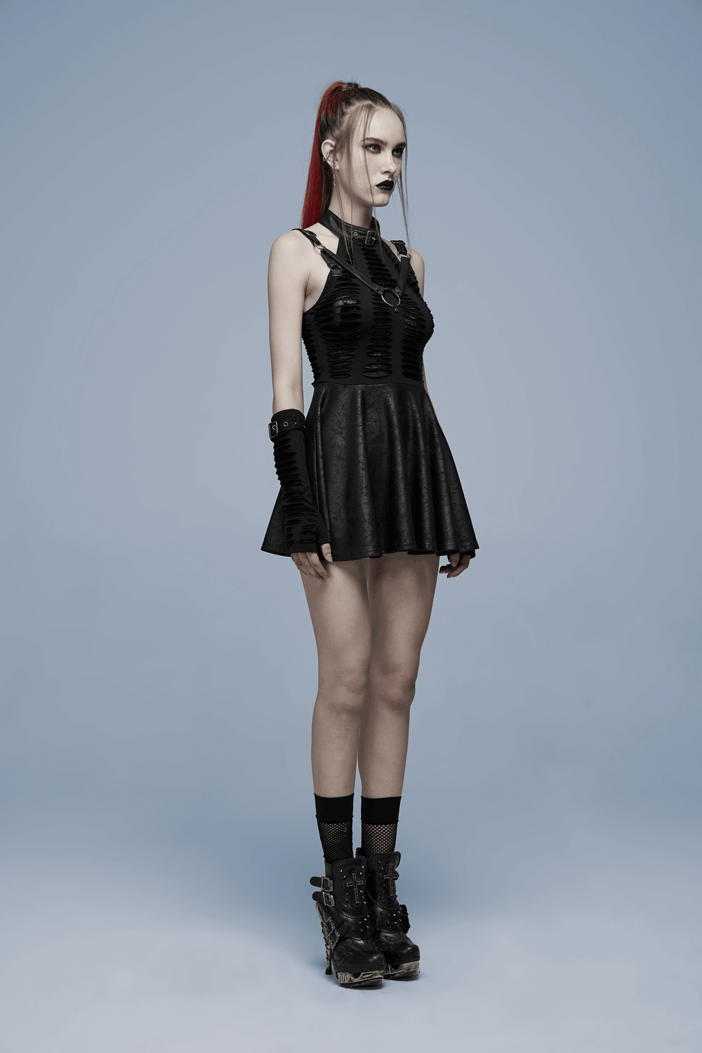 Embrace your gothic side with this bold cutout dress, melding soft knitted fabric with detailed spider web cloth. The front showcases a striking cut, guaranteeing you command attention with unparalleled uniqueness while boosting allure. Customize the fit with adjustable shoulder straps, and let the delightful swing skirt hem infuse a playful element into your attire. Ideal for those unafraid to showcase their individuality with a touch of allure.
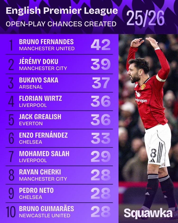 mk体育官网-本赛季英超运动战创造机会次数:B费42次第一,多库萨卡二三位
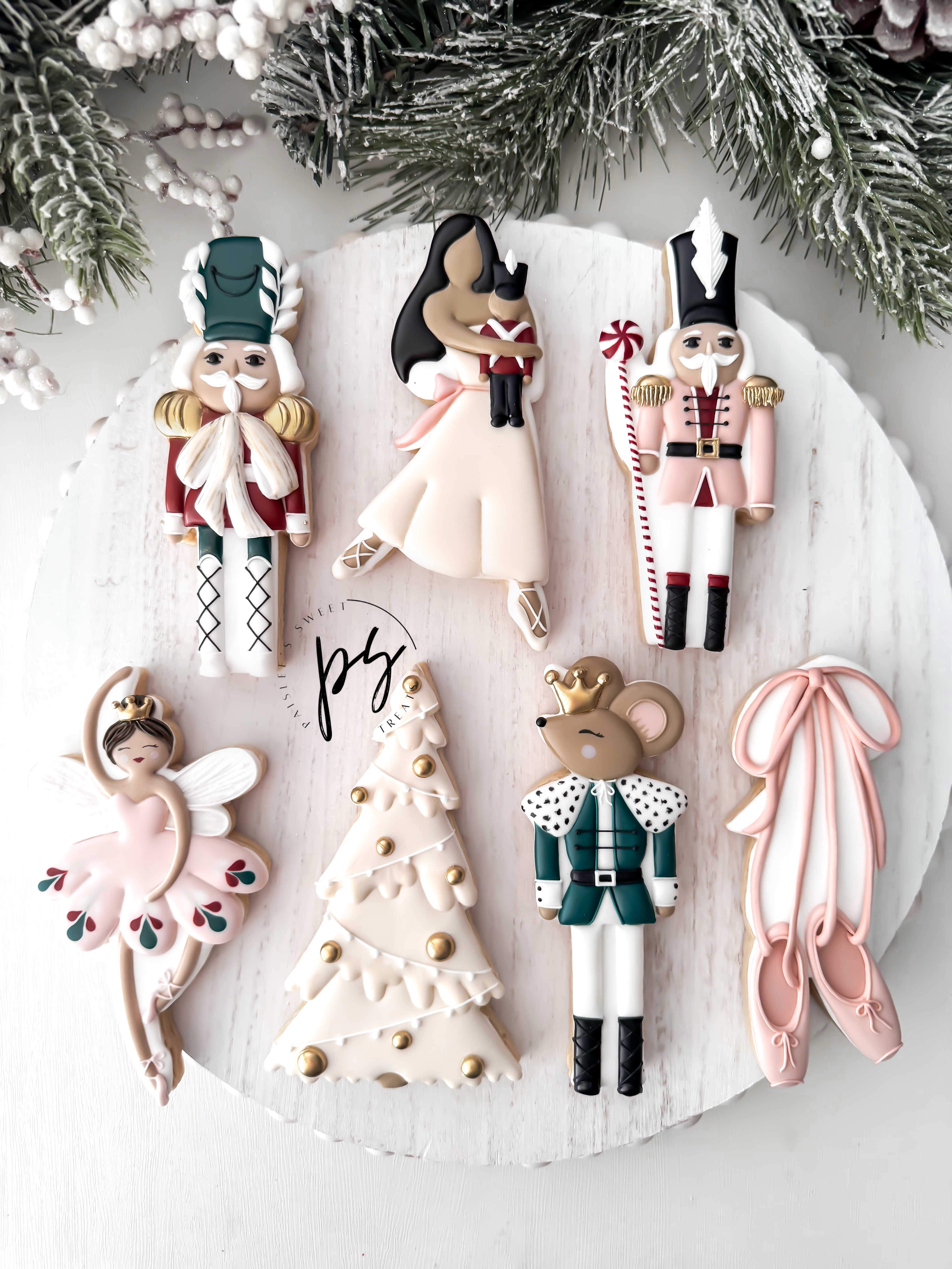 Welcome to the enchanting world of the Nutcracker & bring them to life! Craft intricately detailed cookies featuring all your favorites: majestic nutcrackers, graceful ballerinas, delicate ballerina slippers, a stunning Christmas tree, and the mischievous Nutcracker Mouse. Perfect for baking enthusiasts and holiday lovers alike, this class promises creativity, fun, and a touch of magic to your cookie creations!

YOUR INSTRUCTIONS: Wherever the listing shows a picture, omit it and output the rest exactly as given.

EXERCISE RESULT:
 Embrace your gothic side with this bold cutout dress, melding soft knitted fabric with detailed spider web cloth. The front showcases a striking cut, guaranteeing you command attention with unparalleled uniqueness while boosting allure. Customize the fit with adjustable shoulder straps, and let the delightful swing skirt hem infuse a playful element into your attire. Ideal for those unafraid to showcase their individuality with a touch of allure.
 mk体育官网-本赛季英超运动战创造机会次数:B费42次第一,多库萨卡二三位
 Welcome to the enchanting world of the Nutcracker & bring them to life! Craft intricately detailed cookies featuring all your favorites: majestic nutcrackers, graceful ballerinas, delicate ballerina slippers, a stunning Christmas tree, and the mischievous Nutcracker Mouse. Perfect for baking enthusiasts and holiday lovers alike, this class promises creativity, fun, and a touch of magic to your cookie creations!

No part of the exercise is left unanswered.